It is quite frightening to think how a slight change in the way statistical results are phrased can cause quite a big difference in interpretation and such mistakes are often more commonplace than one would think.


The problem is further amplified by the careless reporting of certain news sites that spread incorrect interpretations of data to the public.



DATA COLLECTION


This blog post will be focusing more on the common weaknesses of the methods used to collect data, more specifically problems that are inherent in the data collection process and the method adopted.


Such weaknesses in the data collection process aren't too obvious as they tend to remain hidden under the often-complex methods used to obtain such data, much to the detriment of the layperson who most likely would not have the time nor the interest to analyse or critically think about the data and its potential defects.


Weaknesses in the data collection process are commonly caused by:


  • Ignoring qualitative data


To make this more relatable, we will use an example:


You have a hypothesis that the number of shoes owned by people name Bob are directly caused by their level of happiness.

Bob and shoes


We can count how many shoes each person named Bob in the neighbourhood has (quantitative data) but if we don't ask each Bob in the neighbourhood why he has that amount of shoes (hence getting some qualitative data), we would be left to speculate as to the reasons each Bob has a certain amount of shoes.


We would not be able to ascertain the reasons that those Bobs got those shoes, thus failing to prove the hypothesis.

Reliance on data which is solely quantitative but not qualitative won't paint the full picture.
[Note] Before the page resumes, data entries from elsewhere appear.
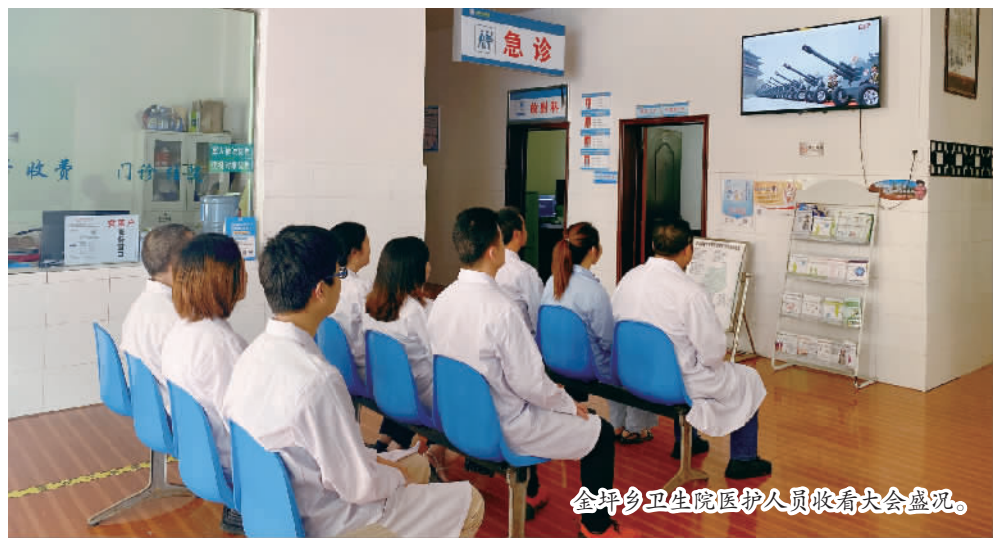
金坪卫生院医护人员收看大会盛况。

本报讯（记者 曾露 文 / 图）7月1日，县卫生健康系统组织系统干部职工收看庆祝中国共产党成立100周年大会直播。 100响礼炮，国旗护卫队的三个100步，庄严的升旗仪式……这是一个充满庄严感和自豪感的伟大历史时刻，这是一场厚重、温暖、昂扬、充满青春的盛典。 习近平总书记的重要讲话在广大卫生人心中激荡起万千波澜。观看结束后，党员干部纷纷表示，感到骄傲和自豪，今后在平凡的工作岗位上要做出不平凡的业绩，要坚定理想信念，肩负起新时代的历史使命和责任，不负韶华，不负人民，在卫生事业战线上做出应有的贡献。
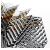
Carro para apilamiento y transporte / AD
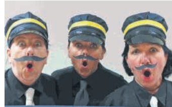
Drei einfallsreiche Museumsführer retten ihren Arbeitsplatz vor einer Blamage

Kinder stehen vor einer Museumstür und freuen sich auf den Besuch. Doch dieses Museum ist nicht gerade in einem guten Zustand. Die Ausstellungsstücke sind wenig präsentabel. Alle gezeigten Tiere sind vielmehr ziemlich ramponiert und daher wenig attraktiv.
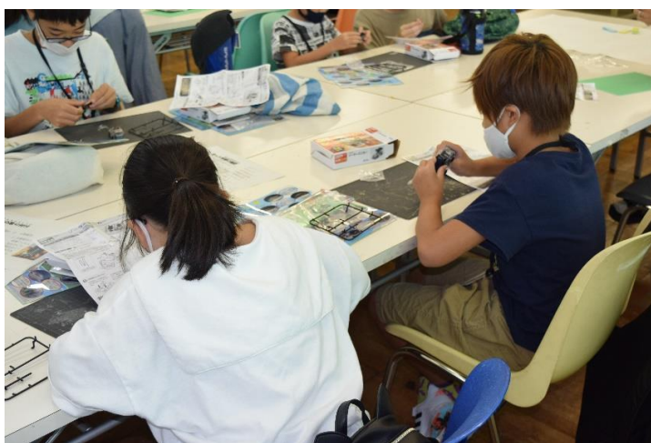
みんな真剣！工作中！
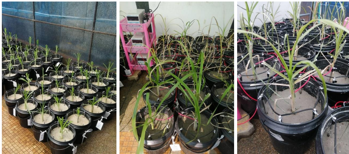
รูปที่ 2 การทดลองการกำจัดสารหนูในกากโลหกรรมด้วยหญ้าเนเปียร์แคระร่วมกับจลนศาสตร์ไฟฟ้า

แม้ว่าการเพิ่มประสิทธิภาพการบำบัดโลหะหนักด้วยพืชด้วยการให้ไฟฟ้ากระแสตรง จะทำให้เกิดผลกระทบต่อมวลชีวภาพของพืช จากการเปลี่ยนแปลงค่าความเป็นกรด-ด่าง หากแต่การเคลื่อนที่ของโลหะหนักจากการให้ไฟฟ้ากระแสตรง จะมีทิศทางที่แน่นอน ต่างจากการให้ไฟฟ้ากระแสสลับที่ทำให้โลหะหนักเกิดการเคลื่อนที่ในทิศทางที่สลับไปมาตามความถี่ของกระแสไฟฟ้า จึงทำให้โลหะหนักมีโอกาสที่จะเกิดการเคลื่อนที่ไปนอกบริเวณรากพืช และเกิดการปนเปื้อนออกสู่สิ่งแวดล้อมได้ ดังนั้น การให้ไฟฟ้ากระแสตรงที่มีขนาดสนามไฟฟ้าที่เหมาะสมต่อพืชแต่ละชนิด จึงมีความสำคัญอย่างยิ่งในการเพิ่มประสิทธิภาพในการบำบัดโลหะหนักด้วยพืชควบคู่ไปกับการเพิ่มชีวมวลของพืชพลังงาน
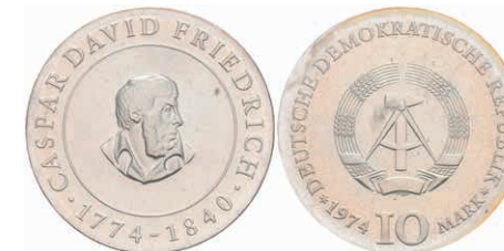
359 10 Mark, 1974, Caspar David Friedrich, in Kapsel, zweifach verplombt, PP. Auflage nur 100 Stück. J. 1553. 1500,—

This is the problem with the large amounts of data that is gathered by Google, Facebook, Twitter and so on.


(Ignoring Occam's razor) While Google can show that Amy has google searched 'cute cats' 10 times in the past hour, Google can't tell if:


a) Amy is planning to buy a cat for her sister, Lucy.

b) Amy's phone is being used by Lucy who is fond of cats.

c) Amy likes cute cats


Absence of qualitative data that may be obtained by asking Amy why she googled 'cute cats' a weakness in the data.


  • Failure to differentiate cause and effect


Now, assume that you try to ascertain the income level of each Bob in the neighbourhood as an indicator of their level of happiness.


You notice that the number of shoes that each Bob has seem to increase with the level of their income.


This means that the number of shoes that each Bob has is directly influenced by his level of happiness, right?


Nope. This is a critical thinking flaw known as confusing cause and effect.


By making such an assumption, we are jumping the gun by assuming that the level of a person's happiness is directly influenced by their income level when this may not exactly be true.


Even if it was, we still can't establish a causal relationship between the number of shoes that each Bob has and their level of happiness.


It could be the other way around, in that, the more shoes Bob has, the more happier he gets.


  • Too many variables at play

When it comes to data collection, there's no such thing as too many variables to consider and missing out on one or two important factors may be the key difference as to whether the hypothesis is proven to be true.


For example:


Bob #1 could instead be buying more shoes because he has an abnormally sharp foot rather than because he is more happy.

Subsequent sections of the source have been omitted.